Певцы выряжены в синие черкески из прекрасного сукна и белоснежные барашковые папахи. Люди подобраны под один рост. Эта «придворная капелла», как ее здесь называют в шутку, кочует вместе с генералом, следуя за ним даже на позиции. Помимо певцов, тут есть и танцоры — исполнители лезгинки и гопака. Вся эта челядь служит исключительно для услаждения высшего начальства. При «дворе» Баратова имеется решительно все: и своя свита, и стая угодливо улыбающихся, расторопных пажей-адъютантов, и «прекрасные дамы», которых вербуют тут же, в тыловых госпиталях, и свои бесплатные певцы, и балет. Любят здесь помпу, что и говорить! И никто не задумывается даже над тем, что эта веселая, сытая и беспечная жизнь сотни-другой трутней вызывает недовольство и возмущение фронтовиков, кормящих собою окопных вшей.
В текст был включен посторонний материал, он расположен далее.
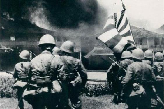 等日军爬到半山腰时,他们立即向着日军猛烈射击。
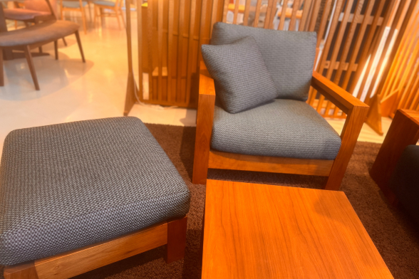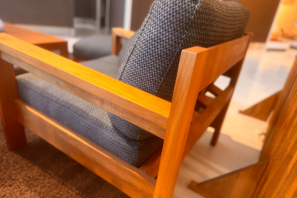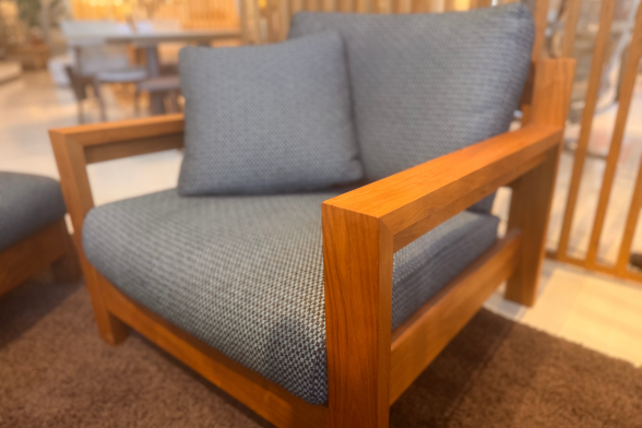 宙に浮いたフィンガージョイントと蟻組が施された美しい後姿と斜めに傾斜するFINE(繊細)な2重留め構造が印象的なソファです。
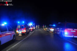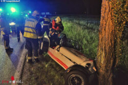 Ein Fahrzeug kam von der Straße ab und kollidierte mit einem Baum. Bei dem Unfall erlitten zwei Personen Verletzungen unbestimmten Grades. Die Alarmierung der Feuerwehr erfolgte um 01:05 Uhr. Die Einsatzkräfte der Freiwilligen Feuerwehr Leopoldsforf unterstützten die Rettungskräfte bei der Personenrettung und bargen im Anschluss das schwer beschädigte Fahrzeug.
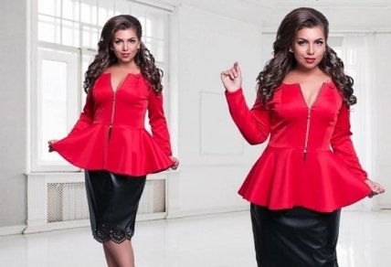 Для полных модниц подходит мода носить верх костюма полузаправленным.
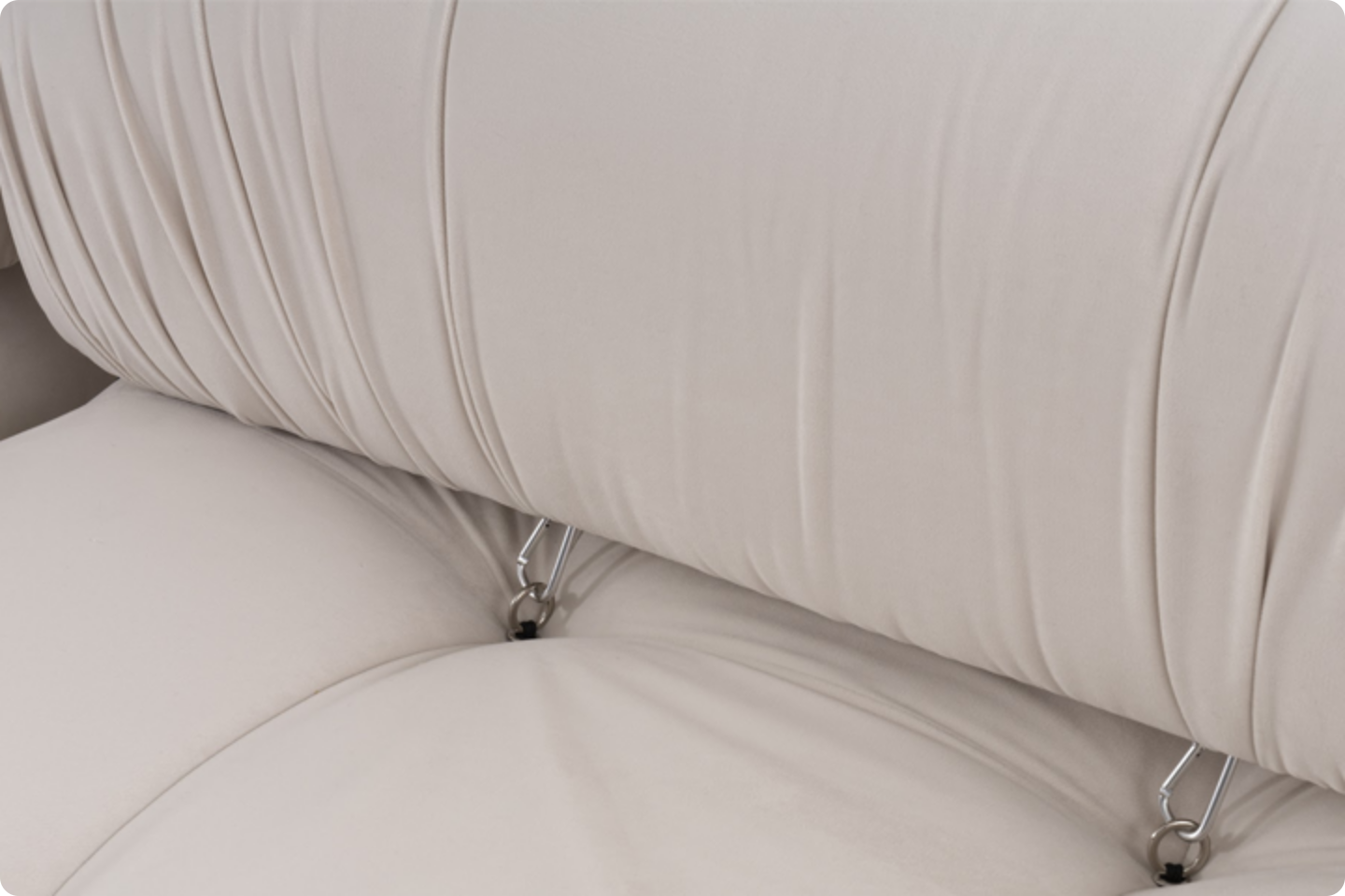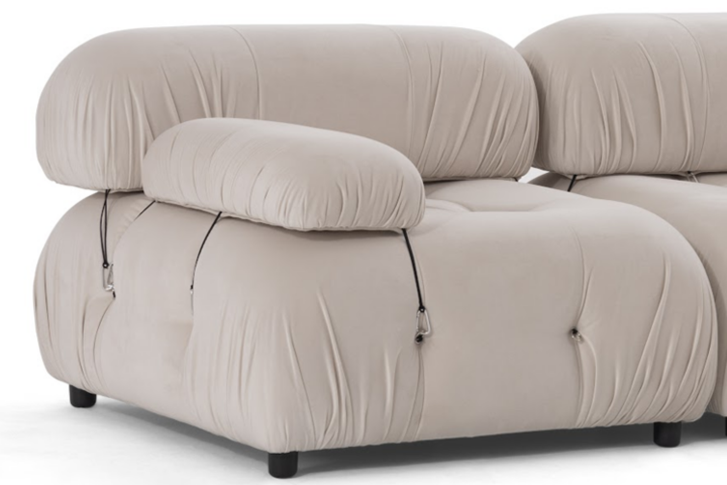 The ingenious design of the Sydney Modular Sofa features backs and armrests equipped with rings and carabiners, allowing you to effortlessly connect, rearrange, and tailor the configuration to your specific needs. Whether you're looking to create a cozy corner for relaxation, a spacious seating area for entertaining, or anything in between, the Sydney Modular Sofa adapts to your desires with ease.

И казаки и строевые офицеры недружелюбно косятся на этих «счастливчиков», устроивших из войны веселый, непрерывный пикник.
Певцов сменяют музыканты. Несутся лихие, зажигающие звуки лезгинки. Выкрикивая гортанные, непонятные слова и сверкая кинжалами, пляшут осетины-казаки, черными тенями мелькая в быстром танце. Остальные «дают жару», хлопая в такт в ладоши.
Обед подходит к концу. Мы сидим в бесконечно длинной виноградной беседке. Над нами перевитые лозы, ветви и листья. Лучи солнца лишь с трудом просачиваются сквозь это густое сплетение. Вокруг беседки аккуратно подстриженные кусты, изумрудная зелень газонов, пышные клумбы цветов, наполняющие воздух пьянящим ароматом хамаданских роз. За столом десятка три людей: офицеры, сестры, штабные «моменты»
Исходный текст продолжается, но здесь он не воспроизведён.